For too long, skilled nursing facilities (SNFs) have suffered under the weight of an inconsistent and unaccountable survey and enforcement system, and a biased appeal process. In recent years, this has been extended to the “weaponization” of the Five-Star system, along with a fundamental lack of due process.


The truth of the matter is that the care provided by operators is not being judged in a fair or equitable manner and it’s time for this chapter to come to an end. This article discusses two pending legal actions that are designed to address these problems and what operators can do to support survey and enforcement reform.


Case One


The first case, Sligo Creek Center v HHS, is an appeal of a seven-figure civil money penalty (CMP) applied against a Maryland SNF that was upheld by the Departmental Appeals Board (DAB) based upon a purported infection control deficiency. Beyond the merits of the deficiency, however, the appeal also raises the issue as to whether Sligo Creek was required to contest the CMP through the DAB appeal system or whether it should have had the right to seek a jury trial. In other words, the case raises whether the DAB system as applied to Sligo Creek is constitutional under the 2024 U.S. Supreme Court case, SEC v Jarkesy.

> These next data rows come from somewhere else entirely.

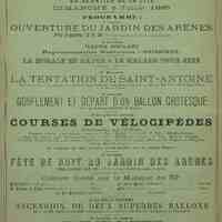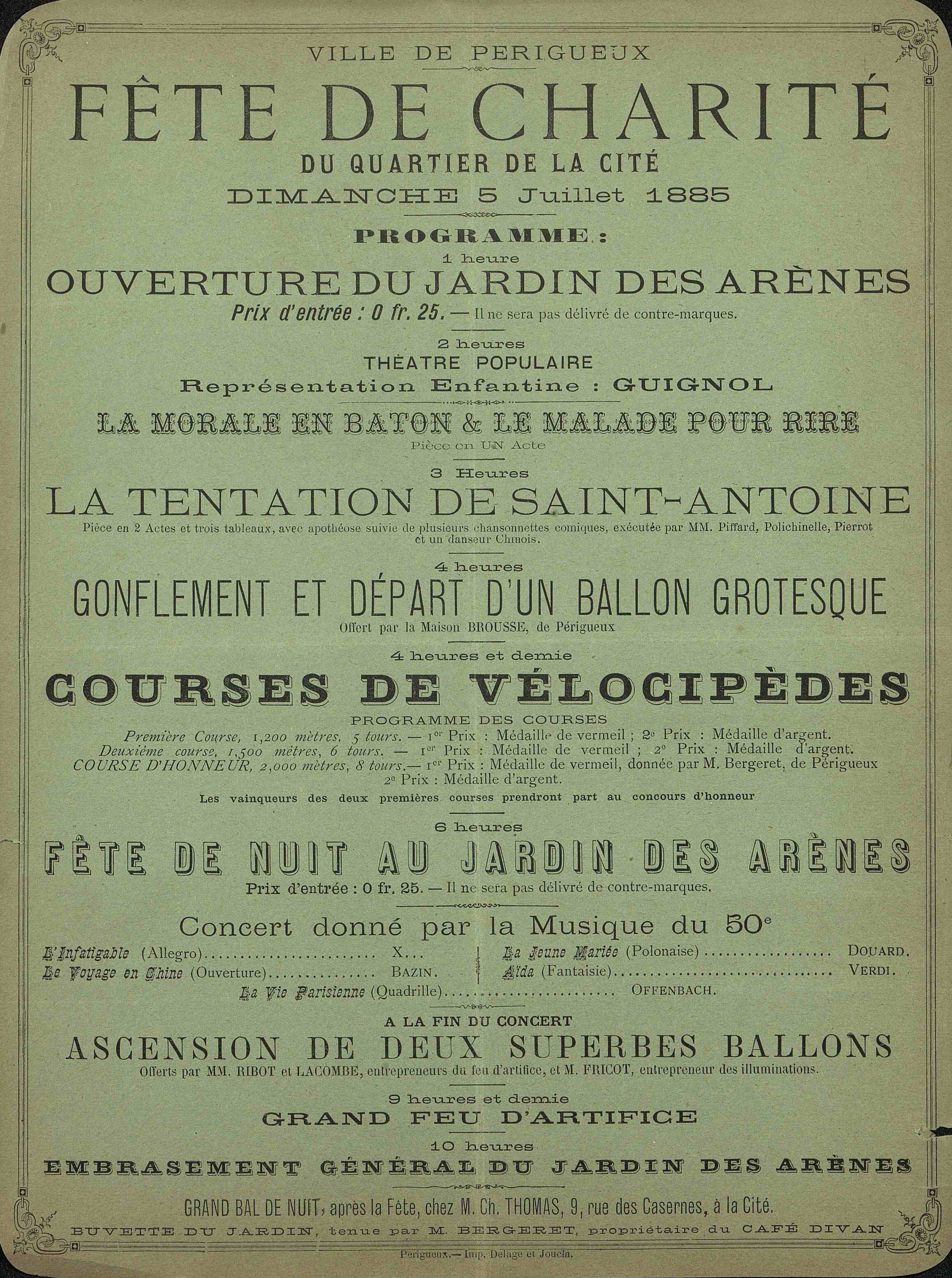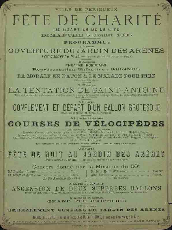 Programme Fête de charité du quartier de la Cité : ouverture du jardin des Arènes à 13 heures. A 14 heures : Théâtre populaire . Représentation enfantine : Guignol. La morale en bâton et le malade pour rire : pièce en un acte . A 15 heures : La tentation de Saint-Antoine : pièce en deux actes et trois tableaux. A 16 heures : gonflement et départ d'un ballon grotesque offert par la Maison Brousse de Périgueux. A 16 heures 30 : Course de vélocipèdes. Fêtes de nuit au jardin des Arènes. Concert donné par la musique du 50ème Régiment d'Infanterie avec l'"Infatigable" (Allegro), Le Voyage en Chine : Ouverture / de Bazin, comp. La Jeune mariée : Polonaise / de Douard, comp. Aïda : Fantaisie / de Verdi. La Vie parisienne: Quadrille / Offenbach.
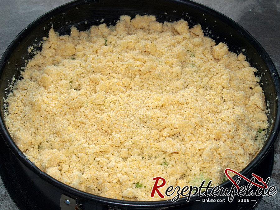 - Über die Füllung den Rest der Streusel verteilen, dabei darauf achten, dass reichlich Streusel an den Rand gelangen.
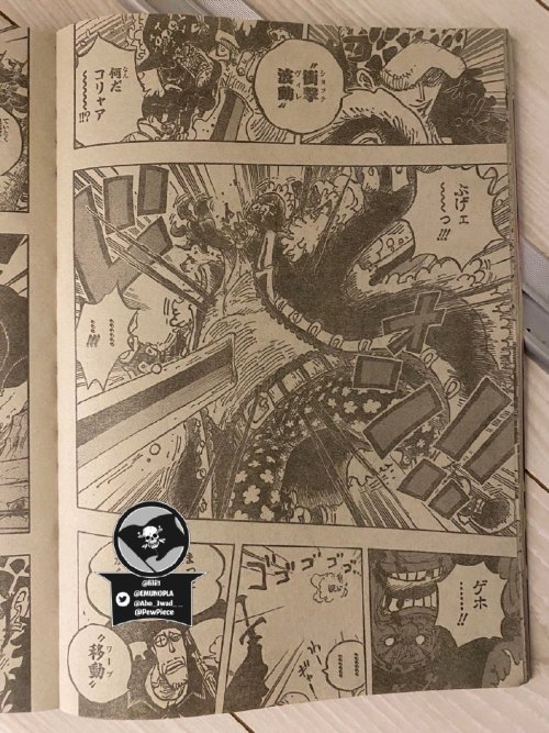黑胡子惊讶于罗已经觉醒,接着用了一个名为“震破”的震震果实的招式。本话里罗用了好几个觉醒状态的招式,包括“冲击波动”。

In Jarkesy, the court found that forcing a recipient of CMPs arising out of alleged fraud to appeal the CMPs through the SEC administrative appeal system was unconstitutional. Since Jarkesy, other courts have considered whether similar administrative enforcement systems are constitutional. In just the last few weeks, the Supreme Court granted review of two cases involving Federal Communications Commission enforcement and the right to a jury trial.


While the issue in Sligo Creek relating to Jarkesy focuses on the basis for, and context of, the infection control deficiency, a ruling that the SNF deserved the opportunity for a jury trial right could be a “game changer” for due process. Regardless of the outcome of the Sligo Creek case, it is important that SNFs consider seeking relief under Jarkesy in other CMP appeals before the DAB.


Case Two


The second case is one that was recently filed in the District Court for the Northern District of Illinois. In that case, Forest City Rehab and Nursing Center, LLC v Oz, the SNF is challenging the manner in which the Centers for Medicare and Medicaid Services (CMS) has applied enforcement under its MDS Schizophrenia Audit program outside of the established CMS survey and enforcement system.


Rather than seeking CMPs or other types of authorized enforcement, CMS has instead applied downgrades to SNF Five-Star scores as the “consequence” of alleged deficient practices. In states such as Illinois where Medicaid reimbursement is directly impacted by these scores, CMS has truly “weaponized” the Five-Star system. Even worse, there is no meaningful due process afforded by CMS in this program. The Forest City case seeks to either reverse the results of these audits or require due process before effectuating the downgrade.


As with Sligo Creek, operators would also be well-served to consider challenging these types of “shadow” enforcement that increasing uses Five-Star as its “weapon.”